Nothing happened. He remembered nothing, so nothing happened. The time he spent in the compound was locked away somewhere in the confines of his memory, and he neither wished nor intended to access it. The information wasn’t required. Not for what he was doing. Not for this.

  “Okay, fine,” Gus resolved, after a long enough silence. “Just know that when you do want to talk, I’m here.”

  Gus sped up, walking back to the head of the group to talk to Desert.

  Lucy Sanders.

  Her name was Lucy Sanders, not Desert.

  How did he know that?

  Whizzo was a kid from the south west town of Tavistock. He grew up with two parents, had a pet cat. He had done his IT GCSE by the age of eleven. He can take apart and reassemble a computer in under a minute.

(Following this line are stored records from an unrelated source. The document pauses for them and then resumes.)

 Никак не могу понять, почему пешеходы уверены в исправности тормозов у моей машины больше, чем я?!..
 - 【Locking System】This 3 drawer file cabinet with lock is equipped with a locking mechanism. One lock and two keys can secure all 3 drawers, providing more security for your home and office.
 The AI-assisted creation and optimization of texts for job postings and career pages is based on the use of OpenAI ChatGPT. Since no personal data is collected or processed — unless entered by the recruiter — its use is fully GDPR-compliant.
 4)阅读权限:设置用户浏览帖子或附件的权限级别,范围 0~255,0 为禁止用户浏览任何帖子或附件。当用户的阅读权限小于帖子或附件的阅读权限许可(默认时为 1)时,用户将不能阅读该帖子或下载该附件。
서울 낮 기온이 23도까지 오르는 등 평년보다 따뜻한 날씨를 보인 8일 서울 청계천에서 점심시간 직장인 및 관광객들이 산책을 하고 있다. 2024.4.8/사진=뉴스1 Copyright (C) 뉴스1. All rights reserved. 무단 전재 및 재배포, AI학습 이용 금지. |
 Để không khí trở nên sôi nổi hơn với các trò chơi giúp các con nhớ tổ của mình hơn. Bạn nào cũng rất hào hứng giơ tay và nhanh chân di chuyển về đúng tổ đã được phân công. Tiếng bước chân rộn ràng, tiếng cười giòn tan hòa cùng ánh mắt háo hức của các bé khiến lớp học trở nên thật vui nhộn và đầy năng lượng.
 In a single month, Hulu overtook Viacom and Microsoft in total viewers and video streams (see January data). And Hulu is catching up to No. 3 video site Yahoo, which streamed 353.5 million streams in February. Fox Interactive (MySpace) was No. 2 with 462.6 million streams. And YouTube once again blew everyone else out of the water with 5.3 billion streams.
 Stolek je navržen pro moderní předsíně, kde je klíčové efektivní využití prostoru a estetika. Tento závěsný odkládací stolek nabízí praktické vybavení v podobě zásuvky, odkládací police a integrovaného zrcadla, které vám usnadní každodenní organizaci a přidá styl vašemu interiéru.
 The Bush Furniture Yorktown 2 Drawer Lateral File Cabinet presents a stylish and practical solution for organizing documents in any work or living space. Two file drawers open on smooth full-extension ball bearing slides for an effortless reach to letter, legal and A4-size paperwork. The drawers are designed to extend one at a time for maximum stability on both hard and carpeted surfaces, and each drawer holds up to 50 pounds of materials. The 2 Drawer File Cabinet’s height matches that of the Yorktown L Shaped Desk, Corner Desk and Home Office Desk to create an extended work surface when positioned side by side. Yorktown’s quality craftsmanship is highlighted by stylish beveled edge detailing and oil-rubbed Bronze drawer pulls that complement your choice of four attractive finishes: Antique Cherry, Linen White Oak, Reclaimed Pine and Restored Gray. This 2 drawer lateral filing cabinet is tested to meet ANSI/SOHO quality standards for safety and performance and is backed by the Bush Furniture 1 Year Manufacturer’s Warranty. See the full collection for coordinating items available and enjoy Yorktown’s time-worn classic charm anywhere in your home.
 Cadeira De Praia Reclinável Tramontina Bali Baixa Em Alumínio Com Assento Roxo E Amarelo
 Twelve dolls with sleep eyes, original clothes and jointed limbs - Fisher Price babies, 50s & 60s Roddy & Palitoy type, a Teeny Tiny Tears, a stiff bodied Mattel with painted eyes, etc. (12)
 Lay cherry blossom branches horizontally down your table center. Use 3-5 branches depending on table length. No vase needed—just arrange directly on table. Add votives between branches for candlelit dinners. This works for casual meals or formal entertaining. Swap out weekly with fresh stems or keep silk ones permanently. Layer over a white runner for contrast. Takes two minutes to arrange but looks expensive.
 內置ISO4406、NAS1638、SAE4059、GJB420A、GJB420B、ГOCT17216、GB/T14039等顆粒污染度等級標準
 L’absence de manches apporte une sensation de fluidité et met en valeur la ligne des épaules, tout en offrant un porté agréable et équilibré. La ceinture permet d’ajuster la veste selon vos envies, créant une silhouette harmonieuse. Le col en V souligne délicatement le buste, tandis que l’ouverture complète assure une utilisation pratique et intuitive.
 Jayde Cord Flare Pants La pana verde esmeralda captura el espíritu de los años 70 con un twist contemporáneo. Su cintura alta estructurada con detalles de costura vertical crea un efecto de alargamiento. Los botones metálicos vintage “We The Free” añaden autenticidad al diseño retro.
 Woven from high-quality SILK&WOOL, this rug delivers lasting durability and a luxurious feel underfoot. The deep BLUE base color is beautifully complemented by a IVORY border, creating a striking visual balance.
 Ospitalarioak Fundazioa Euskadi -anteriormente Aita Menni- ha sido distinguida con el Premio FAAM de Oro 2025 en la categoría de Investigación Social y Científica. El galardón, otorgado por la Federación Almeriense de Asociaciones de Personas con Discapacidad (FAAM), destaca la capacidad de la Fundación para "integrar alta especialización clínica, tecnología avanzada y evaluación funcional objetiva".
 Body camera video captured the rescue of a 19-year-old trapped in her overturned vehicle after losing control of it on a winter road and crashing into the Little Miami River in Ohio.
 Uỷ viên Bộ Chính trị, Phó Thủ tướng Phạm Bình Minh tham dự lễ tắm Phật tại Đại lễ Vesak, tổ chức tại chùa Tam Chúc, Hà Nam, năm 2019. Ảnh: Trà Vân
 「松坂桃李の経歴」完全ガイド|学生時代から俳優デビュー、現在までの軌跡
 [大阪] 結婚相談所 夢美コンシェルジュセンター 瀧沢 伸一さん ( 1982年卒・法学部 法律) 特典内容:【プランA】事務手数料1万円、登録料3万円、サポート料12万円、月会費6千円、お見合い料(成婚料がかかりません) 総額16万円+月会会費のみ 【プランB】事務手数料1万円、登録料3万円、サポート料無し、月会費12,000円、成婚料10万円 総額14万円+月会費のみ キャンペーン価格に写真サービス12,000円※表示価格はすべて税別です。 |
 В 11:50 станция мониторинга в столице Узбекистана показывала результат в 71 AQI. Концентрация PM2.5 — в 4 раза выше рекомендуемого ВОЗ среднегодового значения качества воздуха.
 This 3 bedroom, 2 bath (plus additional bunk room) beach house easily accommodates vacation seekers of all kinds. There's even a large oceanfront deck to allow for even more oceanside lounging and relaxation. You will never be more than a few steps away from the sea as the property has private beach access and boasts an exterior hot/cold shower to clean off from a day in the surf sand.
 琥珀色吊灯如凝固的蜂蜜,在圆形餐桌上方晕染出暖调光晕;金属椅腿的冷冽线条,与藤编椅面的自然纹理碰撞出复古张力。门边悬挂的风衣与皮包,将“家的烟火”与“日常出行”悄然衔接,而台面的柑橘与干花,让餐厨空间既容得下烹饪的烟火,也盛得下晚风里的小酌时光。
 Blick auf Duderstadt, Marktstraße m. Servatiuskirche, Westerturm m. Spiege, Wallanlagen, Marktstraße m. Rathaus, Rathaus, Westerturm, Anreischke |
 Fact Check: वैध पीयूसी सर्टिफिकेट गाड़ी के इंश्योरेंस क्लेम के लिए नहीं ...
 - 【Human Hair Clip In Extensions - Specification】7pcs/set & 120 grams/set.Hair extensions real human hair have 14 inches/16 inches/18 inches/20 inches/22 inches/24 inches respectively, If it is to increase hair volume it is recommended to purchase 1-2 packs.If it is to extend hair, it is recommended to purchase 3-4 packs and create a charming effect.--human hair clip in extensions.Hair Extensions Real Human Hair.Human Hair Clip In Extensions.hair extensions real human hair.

His real name is Harry Segworth.

  Prospero’s real name is Luke Worth. His codename, Prospero, was derived from a character in Shakespeare’s play The Tempest, who was betrayed and left to die on an island, then goes on to free the spirit Ariel – very much like the way he met Desert after he’d been betrayed by Hayes, and helped to free her from the shackles of her persona as Lucy Harvey.

  Prospero is proficiently trained as a sniper and is sufficient in hand-to-hand combat.

  Donny knew all this and more. He knew everything about these people. Everything except for the reason that he knew this.

  He just did. Because it was his job to know.

  And it was his job to not tell anyone.

  The Journal of Doctor Janine Stanton

  Day 3

  Transcript from webcam journal by Janine Stanton, third entry

  I spoke to him.

  I actually spoke to him.

  Or, rather, he spoke to me.

  Just after I gave him today’s dose. Just after my more concentrated solution was implanted into his arm:

  40% blood of mutation

  15% blood of infected

  10% blood of subject

  15% ketorolac

  10% cortisone

  10% water

  You will notice that I have amended the figures rather drastically. Well, I never intended to be using such a quantity of mutation, or pumping in so much blood of infected and, I, er… reduced the other substances. The steroids, the water, they just – seemed to be diluting it too much.

  I had no choice.

  And, just after I put the needle in his arm, pressed down, that’s when he said it.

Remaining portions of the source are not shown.